Gen Z has fallen out of touch with Black Friday marketing that fails to demonstrate a company’s sustainable practices, despite being the nation’s biggest consumers.
The latest from student marketing platform Student Beans, the research suggests conscious and ethical brand communications have the most impact on younger generations.
Despite this, Gen Z spends more than any other generation during the Black Friday weekend. This year the average 18-to-24-year-old spent £298, compared to £251 by their parents, and just £206 by their grandparents. Fashion, beauty, and health topped the most in-demand sales categories.
But the marketing tactics that win over young people has changed.

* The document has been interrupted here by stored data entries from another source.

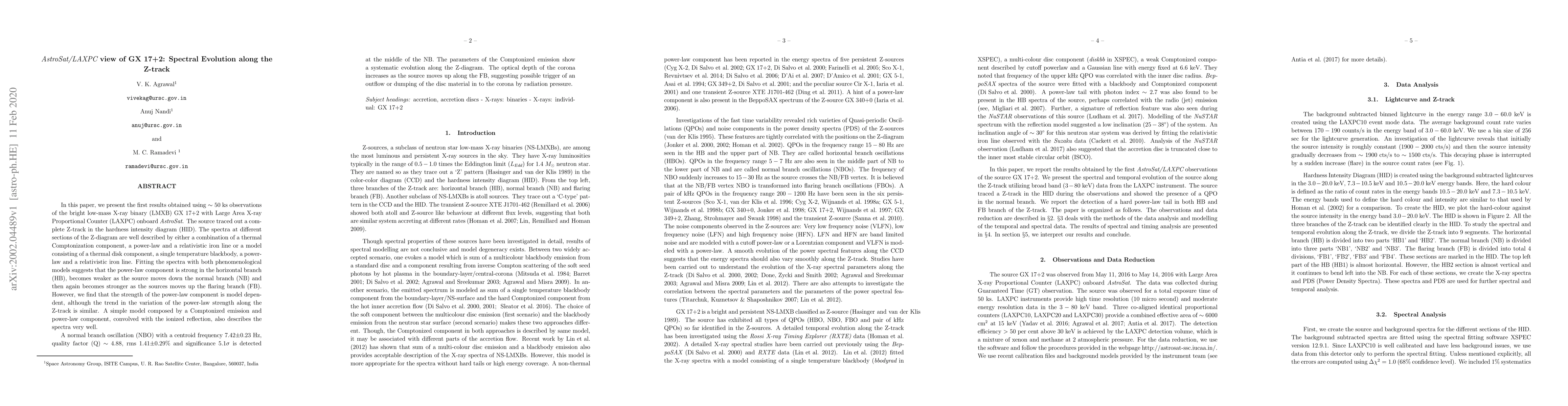 The study uses AstroSat/LAXPC to track the evolution of a bright low-mass X-ray binary (LMXB) GX 17+2 along its Z-track, revealing changes in spectral composition and hinting at possible outflows or radiation pressure triggering disc material dumping into the corona.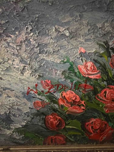 This item is an original oil painting on canvas featuring a dynamic floral still life, specifically focusing on a cluster of red roses. The piece is characterized by a heavy 'impasto' technique, where the paint is applied in thick, sculptural layers that create a three-dimensional surface texture. The roses are rendered in deep shades of crimson and rose-pink with green foliage, set against a muted, atmospheric background of grayish-lilac and off-white tones applied with a palette knife or stiff brush. A significant marking is the signature 'W. Edwin' in bright red paint, positioned just above the lower-left cluster of flowers. The craftsmanship displays a mid-to-late 20th-century decorative style, often associated with commercial studio art of the 1960s or 70s. The canvas weave is visible in thinner areas, and the paint shows high-gloss peaks where it has hardened. Regarding condition, there is some visible surface dust and minor debris embedded in the deep crevices of the paint. The bottom edge shows a sliver of a simple wooden frame, suggesting the piece is currently housed in a basic gessoed or gilded molding that may have minor scuffing or age-appropriate wear.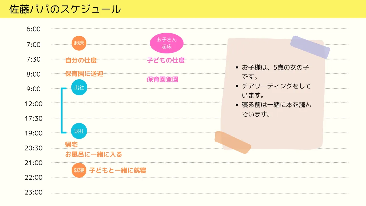 💡 佐藤さん:「朝は子どもを保育園に送って、夜はお風呂・歯磨き・読み聞かせがルーティン」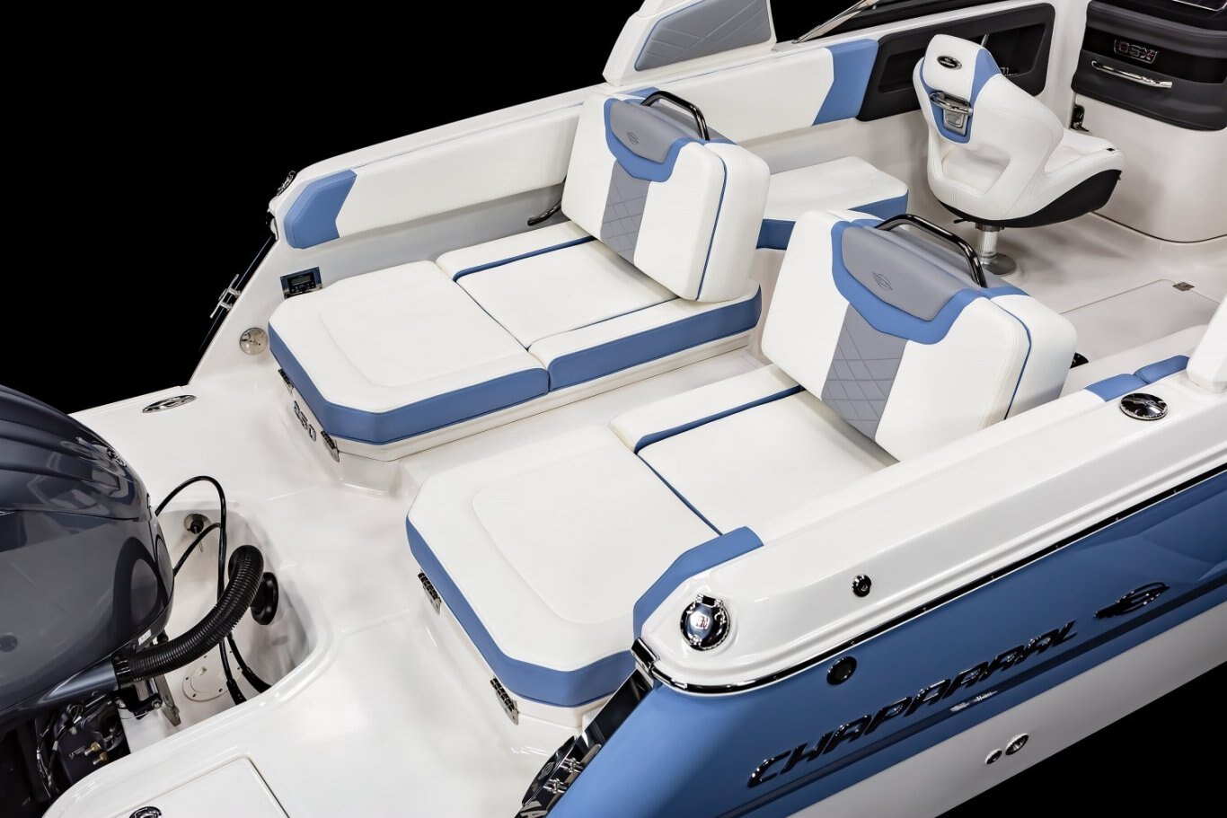 The 250 OSX packs all of your favorite Chaparral features into an affordable package with a length overall of 24' 6". Comfort, safety, and convenience are built into the DNA of each 250 OSX featuring pull-up cleats, dual fuel fills, and our diamond pattern non-skid found on almost every surface of the boat. The dual aft Vista-view lounges are the largest in class and can accommodate guests in a variety of positions with large storage tubs built beneath them for storing gear. Our luxury, appointed Envision Sio wrapped upholstery, optional bow filler cushion, and snap-in SeaDek flooring can be added for more versatility and all provide maximum comfort.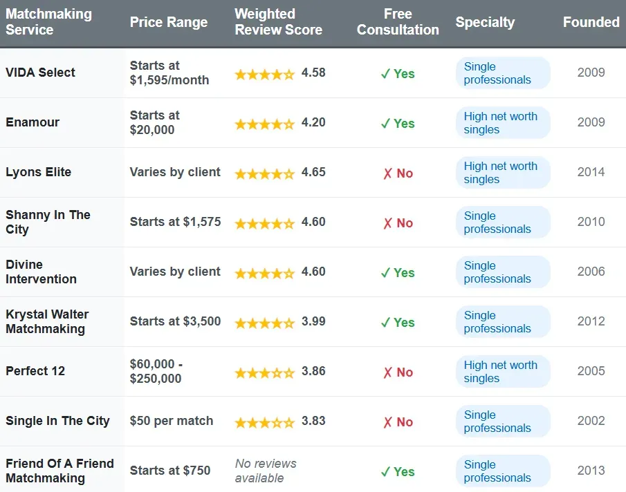 Matchmaking ServicePrice RangeTotal ReviewsWeighted Review ScoreFree ConsultationSpecialtyFounded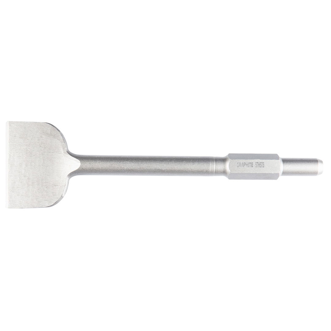 GRAPHITE HEX lapos véső (cikkszám: 57H575) 115 mm széles és 400 mm hosszú, olyan anyagok megmunkálásához, mint a beton, üreges blokkok, tégla és kő. Hasznos építési és bontási munkákhoz. Csempe- és vakolateltávolításhoz, kábelcsatornázáshoz és falbontáshoz használható.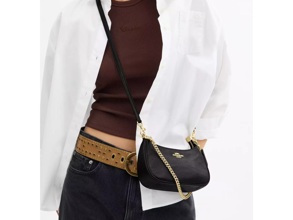 COACH Kabelka Teri Mini Crossbody Bag Pebbled Leather Gold Black
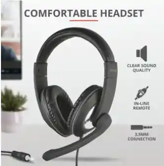 Diadema Audífono con Micrófono Trust Reno PC y Laptop + ConvertidorCómodo juego de auriculares circumaurales con control para el volumen incorporado en el cable y micrófono ajustableEspecificacionesGeneralAltura del producto principal (en mm) 190 mmAncho del producto principal (en mm) 180 mmProfundidad del producto principal (en mm) 70 mmPeso total 178 g.ConectividadTipo de conexión cableadaEstilo de conector rectoEstilo de cable redondoLongitud del cable cable principal 180 cm.Tipo de conector 3.5 mm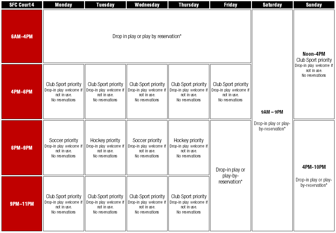 This is a chart from Southern Illinois University with a similar program that allows students to use the facilities. A similar chart for each facility at Dickinson can be made and posted online allowing for the outside community members to know when they can show up. If needed, we can also have the facilities be reserved on an hour to hour basis. If a group/person has a reservation they have first priority.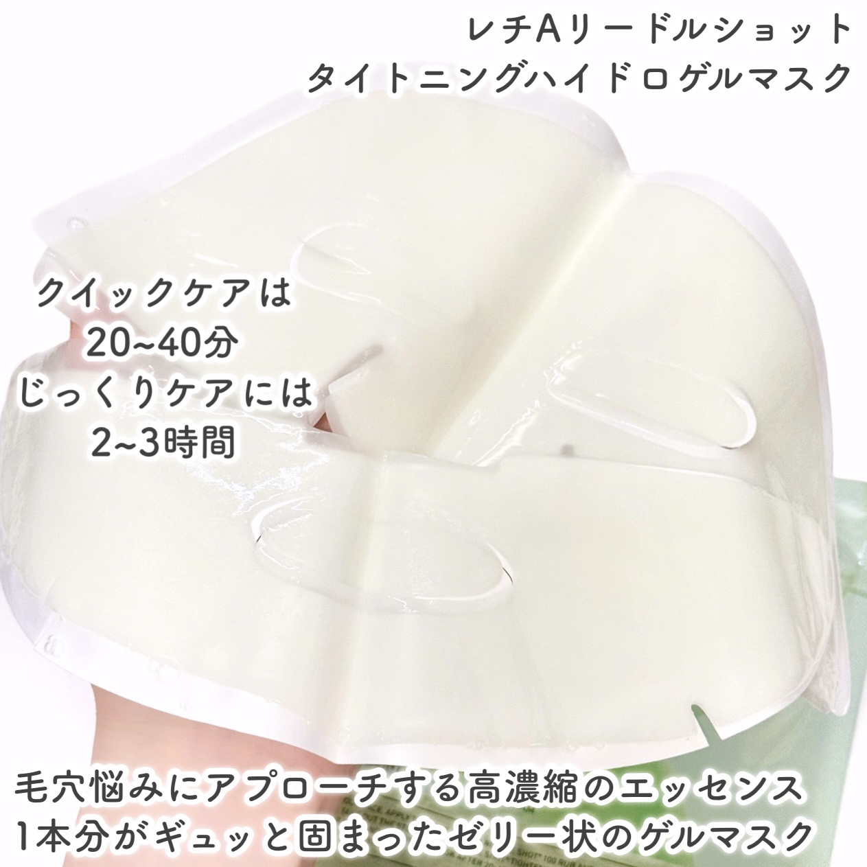 - 簡単2ステップで保湿&毛穴ケア*1ができる集中ナイトケア!レチA リードルショット100&タイトニングハイドロゲルマスクが毛穴悩み*2にアプローチする美容保湿成分を肌角層に浸透させます。エッセンスが1本分ギュッ!と固まったゼリー状になったゲルマスクは毎日変わる肌コンディションに合わせて使用時間を調節しながらケアできます! ■このような方へおすすめ 毛穴悩み*2をケアしキメ細かい美肌になりたい方 スキンケアの美容保湿成分を角質層まで浸透させたい方 おうちでエステ並の本格ケアを行いたい方 *1 うるおいを与えて毛穴を目立ちにくくすること *2 乾燥によって目立つ毛穴

Almost two-thirds (63%) of Gen Z consumers have been put off by traditional marketing and instead prefer with brands who have a ‘greener’ image.

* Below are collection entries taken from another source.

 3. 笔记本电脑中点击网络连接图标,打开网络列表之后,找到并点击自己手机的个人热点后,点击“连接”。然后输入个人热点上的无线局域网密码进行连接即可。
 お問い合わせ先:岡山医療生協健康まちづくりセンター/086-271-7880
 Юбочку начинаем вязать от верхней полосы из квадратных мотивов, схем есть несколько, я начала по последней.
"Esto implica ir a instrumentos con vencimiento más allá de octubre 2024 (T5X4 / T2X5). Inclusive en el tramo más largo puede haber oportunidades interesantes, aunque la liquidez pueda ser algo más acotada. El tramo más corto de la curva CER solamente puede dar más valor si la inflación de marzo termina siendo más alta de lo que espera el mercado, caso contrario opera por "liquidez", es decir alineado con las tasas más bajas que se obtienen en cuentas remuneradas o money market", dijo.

Young shoppers are twice as likely to purchase from brands that advertise sustainable incentives for purchases, such as charitable donations or offsetting climate impact.
Student Beans also found that Gen Z shoppers who purchase discounted items from brands or independent stores that ‘give back’ through incentives during Black Friday increased consumer satisfaction by 41%.
This year, 9 out of 10 Gen Z Brits hope to donate to charitable or sustainable causes when shopping for sales.
Brands such as Harvey Nichols, Vestiaire Collective and Tommy Hilfiger are already taking strides to tackle waste and emissions to help combat climate change, driven by its community of shoppers passionate about making conscious, sustainable purchasing decisions.
Siobhan McGarvey, chief marketing officer at Student Beans, said: “Our research shows that consumer demand for Black Friday remains highly popular, particularly amongst Gen Z shoppers. For brands to win over young customers during peak sale seasons, they must consider what other incentives must be available alongside sale discounts.”